なんだか綾小路とは仲良くなれそうな気がする。根拠はないけれど。
後で連絡先を聞いておこう。
「そういえば堀北は何で俺のスポーツ経験なんて聞いたんだ?」
綾小路との自己紹介を終えたところで、堀北に質問の意図を聞いてみる。
「アスリートのような体つきをしてたからよ」
「なるほど。堀北は筋肉フェチなのか」
「違うわ」
速攻で否定された。
「よーし、お前ら集合しろ」
マッチョ体型のおっさん教師が集合をかけ授業が始まる。
何だかPK学園にいそうな体育教師だな。
「見学者は16人か。随分と多いようだが、まぁいいだろう。準備体操を終えたら、早速泳いでもらう」
「あの、俺あんまり泳げないんですけど……」
「俺が担当するからには、必ず夏まで泳げるようにしてやる。安心しろ」
「どうせ海なんて行かないし、無理して泳げるようにならなくてもいいんですけど」
「そうはいかん。今は苦手でも構わんが、克服はさせる。泳げるようになれば必ず役に立つからな。必ず、な」
教師の説明が終わり、全員で準備体操を始める。それから50mほど流して泳ぐように指示される。
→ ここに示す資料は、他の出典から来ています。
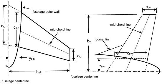 The tail wetted areas may be calculated using an approach like that for the wing wetted area. A schematic diagram of the horizontal and vertical tail surfaces and their dimensions is presented in Figure 4.
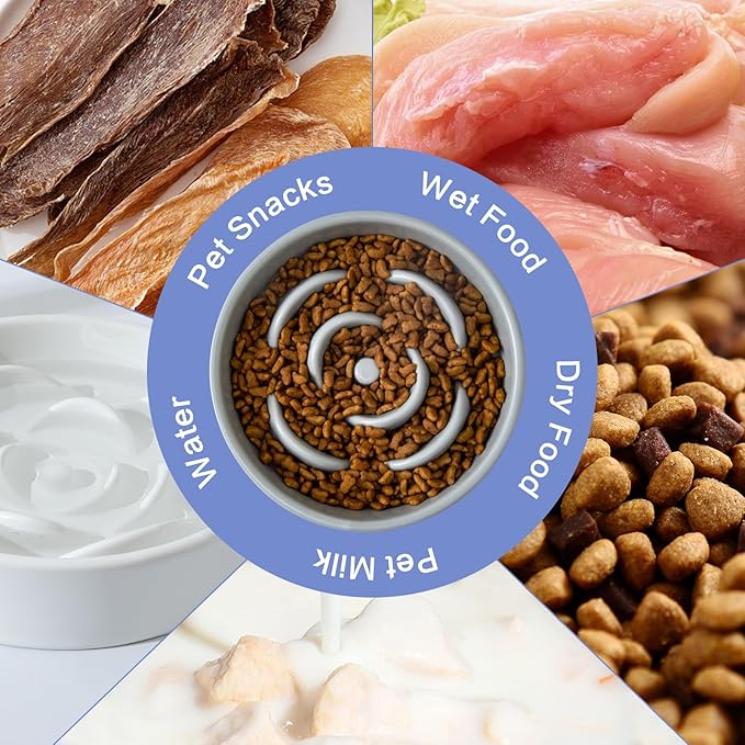 - Heavyweight & Non-Slip Base: This ceramic slow feeder dog bowl measures 6"W * 1.77"H" and can hold up to 11oz ≈ 340ml and weighs up to 0.7kg (about 1.54 lbs), suitable for different breeds of cats and small dogs. Stays firmly in place, preventing spills and messes, even with enthusiastic eaters.
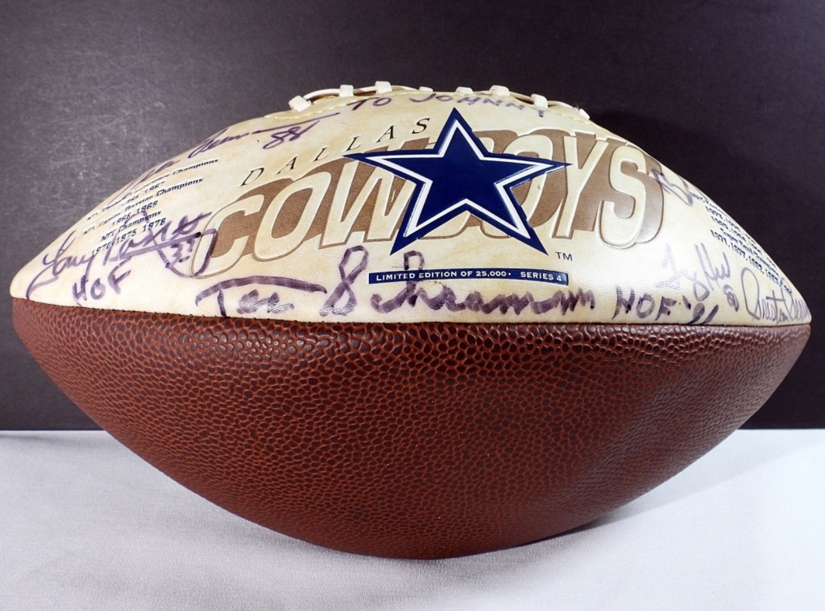 DALLAS COWBOYS 19 SIG. HOF/CHAMPIONS- BOB LILLY #74 (MR. COWBOY), ROGER STAUBACH #12, BILLY JOE DUPREE #89, JETHRO PUGH #75, WALT GARRISON #32, ROBERT NEWHOUSE #44, DREW PEARSON #88, TONY DORSETT #33, TEX SCHRAMM,
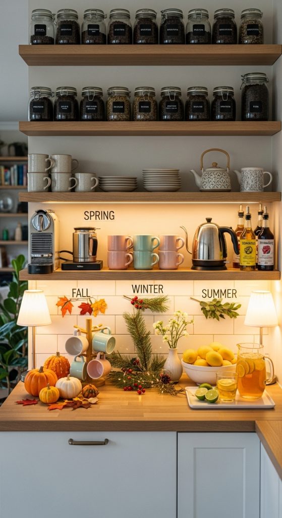 For those who love to decorate throughout the year, a seasonal coffee and tea station offers endless possibilities. You can update it according to holidays, weather, or special occasions.
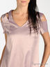 Платье из нежной атласной ткани, полуприлегающего кроя. V-образный вырез горловины. Необычный крой рукавов придает платью пикантности. 2 втачных кармана на линии бедер. Застегивается на незаметную молнию.
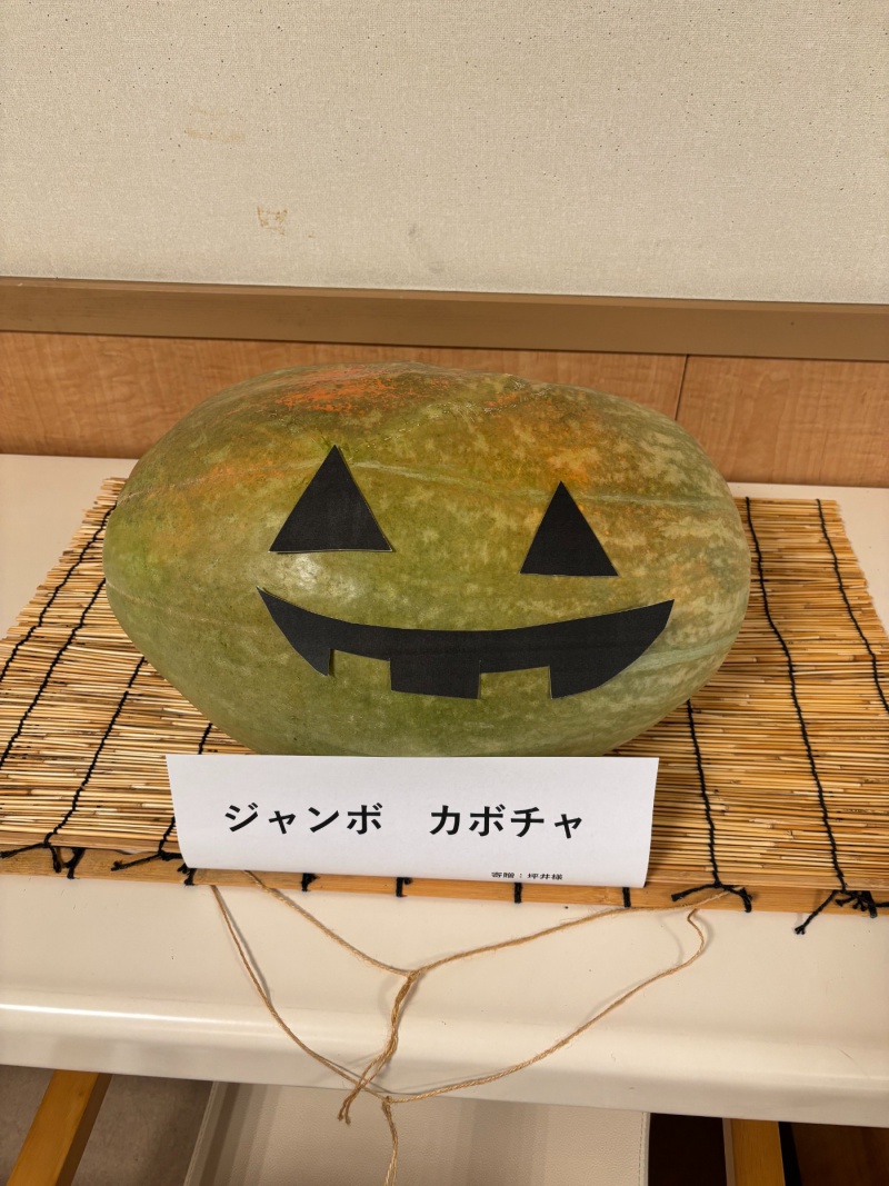 先日ご家族様からいただきましたジャンボカボチャに、ジャックオーランタンの顔を作りました。よりハロウィーンらしくなりましたか?
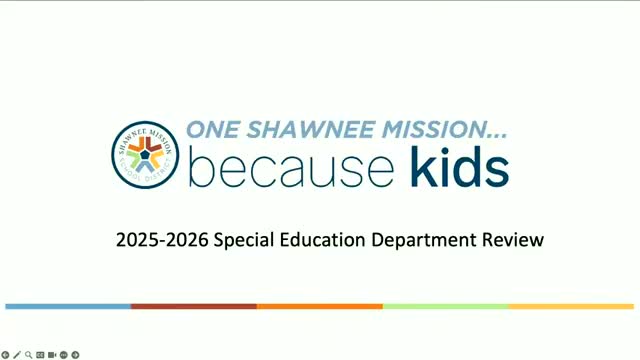 Shawnee Mission School District staff delivered a detailed special-education program update, describing legal obligations (FAPE and child-find), the continuum of services, staffing allocations tied to student Individualized Education Programs (IEPs), and a bold warning about state underfunding.
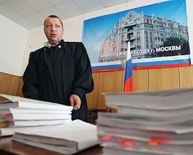 Судья Арбитражного суда Москвы Павел Марков во время заседания, на котором рассматривалось дело о банкротстве нефтяной компании (НК) "ЮКОСа".
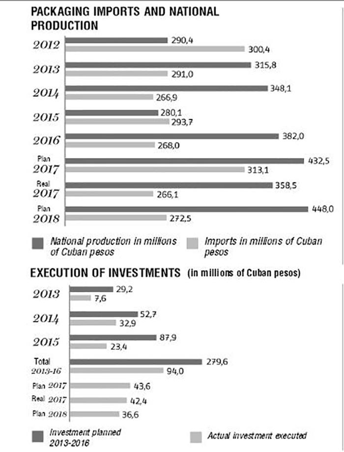 According to Yamilín González Milián, Mindus deputy director of Packaging and Containers, national industry production in 2017 grew by 26% compared to the previous year, and investments also increased, to reach in the order of 42.4 million pesos.

俺は綾小路と一緒に軽く泳ぎ、全員が終えるのを待った。
「とりあえずほとんどの者が泳げるようだな。では早速だがこれから競争をする。男女別50m自由形だ」
自由形だと? つまりフリー。
フリーしか泳がない俺にうってつけの競争じゃないか。ふふふ、勝ったな。
「急ににやついてどうしたの? 気味が悪いのだけれど」
堀北が何か言ってるようだが気にしない。
久しぶりに水に飢えてやろうじゃないか。
「1位になった生徒には、俺から特別ボーナス、5000ポイントを支給しよう。一番遅かった者は、補習を受けさせるからな」
しかも1位に5000ポイントの特別ボーナスだと。
今日はついてるな。堀北、綾小路と交流を深め、5000ポイントもゲットときた。
「堀北、綾小路」
「なに?」
「どうした?」
「明日の昼食奢ってやる。好きなもの頼んでいいぞ」
「え、いいのか?」
「大した自信ね。もう勝った気でいるのかしら」
「俺に勝てるのは俺だけだからな」
30分後。頭を抱えて崩れている少年がいた。ていうか俺だった。
俺は予選を圧勝したものの、決勝では高円寺に競り負け、僅差の2位でレースを終えた。
「惜しかったな」
顔をあげられない俺を綾小路が慰めてくれている。
ちなみに綾小路は予選で10位だったようだ。
「哀れね」
「うっ……」
「俺に勝てるのは俺だけ、だったかしら」
堀北が嘲笑しながら俺を見下ろしている。
死にたい……。
なんであんな調子に乗ったこと言ってしまったんだ。クラスメイトと会話が出来て浮かれていたんだろうな。
ていうかあの金髪、速すぎだろ。Wi-Fiの電波を気にしていそうな奴に似てるくせに。
「界外くん」
「……はい」
「明日、お昼楽しみにしてるわ」
「……はい」
明日はクラスメイトと一緒にランチだ。
嬉しいなあ。ははは。はぁ……。